Von Julia Kneuse — Letztens hörte ich einen Podcast mit dem durchaus polarisierenden Titel „Social Media ist tot“. Wenn man sich die Entwicklungen in der letzten Zeit anschaut, könnte man meinen, da ist was Wahres dran. Artikel zur Veränderung und dem Niedergang von Sozialen Medien gibt es zuhauf, zum Beispiel hier oder hier. Facebook ist längst keine Plattform mehr, über die man mit Freund*innen in Verbindung bleibt. Vielmehr erhält man über den Feed fast ausschließlich Infos und Werbung zu Produkten, man konsumiert „Content“. Inhalte auf Twitter sind seit die Plattform von Elon Musk gekauft und in X umbenannt wurde, kaum mehr zu ertragen. Und Instagram spielt seit der Übernahme durch den Meta Konzern auch immer mehr Werbung in den Feed. Man könnte also radikal sein und sich bei allen Accounts abmelden. Das würde Frust, Zeit und Geld sparen. Oder etwa nicht? Warum ich finde, dass das nicht der richtige Weg ist, möchte ich im Folgenden erläutern – vielleicht auch ein bisschen, um meine eigene Position als Social Media Beauftragte der DGSA zu überprüfen.
#DGSA auf Social Media
Ende kommender Woche (26. – 27.04.2024) findet die diesjährige Tagung der DGSA statt. Zum Thema „Soziale Arbeit als Akteurin im Kontext gesellschaftlicher Transformation“ treffen sich auf der #DGSA2024 Mitglieder der DGSA und andere Interessierte an der Ernst-Abbe-Hochschule in Jena. Seit Corona erstmals wieder in Präsenz. An zwei Tagen wird es Diskussionen in Panels, Workshops und Posterpräsentationen geben sowie den beliebten persönlichen Austausch zwischen den einzelnen Veranstaltungen und am Abend. Einen Blick ins Programm und die Möglichkeit zur spontanen Teilnahme gibt es hier.

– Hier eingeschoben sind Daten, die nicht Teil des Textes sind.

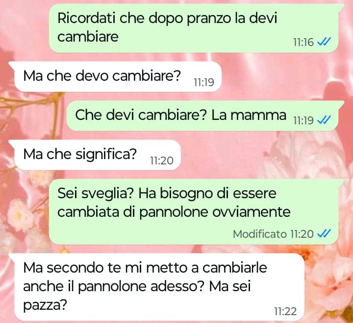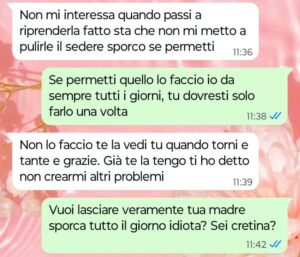 “Salve Spunte Blu, sono una donna di 45 anni che non ha più una vita propria. Purtroppo convivo con una madre affetta da demenza senile già da diversi anni e sono completamente sola a prendermi cura di lei. Sono sola non perché io sia figlia unica ma semplicemente perché mia sorella ha deciso di fregarsene altamente di nostra madre da quando lei appunto si è ammalata, peggiorando sempre di più di giorno in giorno. Aspettate di leggere come mi ha risposto in merito mia sorella oggi appena le ho ricordato di fare una cosa importantissima per nostra madre visto che io mi sono permessa una giornata risicata di vacanza, se così possiamo chiamarla. Ecco vi presento mia sorella con questa chat stupenda che vi giro qui”

Als Social Media Beauftragte der DGSA werde ich auch vor Ort sein und über die Tagung auf den verschiedenen Kanälen der DGSA berichten – im Moment sind das Instagram, Facebook und X (ehemals Twitter). Aber warum eigentlich? Das fragen sich jetzt vielleicht ein paar Leser*innen dieses Beitrags nach meiner Einleitung. Wieso soll über die Tagung auf Social Media berichtet werden? Was bringt das schon, wenn Nutzer*innen auf z.B. Instagram von der #DGSA2024 erfahren? Der direkte Austausch – untereinander und persönlich – ist doch viel wichtiger. Sie finden vielleicht auch, dass die Inhalte einer wissenschaftlichen Tagung ja nur sehr verkürzt über einen Beitrag auf Social Media vermittelt werden können. Oder Sie sagen sich, ich möchte mich auf das Vor-Ort-Sein konzentrieren und auf die Inhalte fokussieren. Da haben Sie zum Teil sicherlich Recht.
Ich finde es gibt trotzdem mindestens zwei Gründe, weiter auf Social Media aktiv zu sein und auch über die Tagung #DGSA2024 zu berichten – und beide haben etwas mit gesellschaftlicher Transformation zu tun.
Grund 1: Wandel der Nachrichten- und Informationswege
Der Anstieg der Nutzung von Social Media Kanälen weltweit ist beachtlich: 2024 nutzen laut Statista 5,04 Milliarden Menschen auf der Welt Social Media Kanäle, 2012 waren es noch 1,48 Milliarden (Zur Statistik auf Statista).
Bei genauerer Beobachtung lässt sich feststellen, dass sich besonders junge Menschen (zwischen 18 und 24 Jahren) über Social Media Kanäle zu Nachrichten und Themen, die sie interessieren, informieren. Kanäle wie Youtube, Instagram und Tiktok nehmen mittlerweile eine ebenso wichtige Rolle in der Nachrichten- und Informationsvermittlung ein, wie die klassischen Medien Fernsehen, Radio oder Webseiten.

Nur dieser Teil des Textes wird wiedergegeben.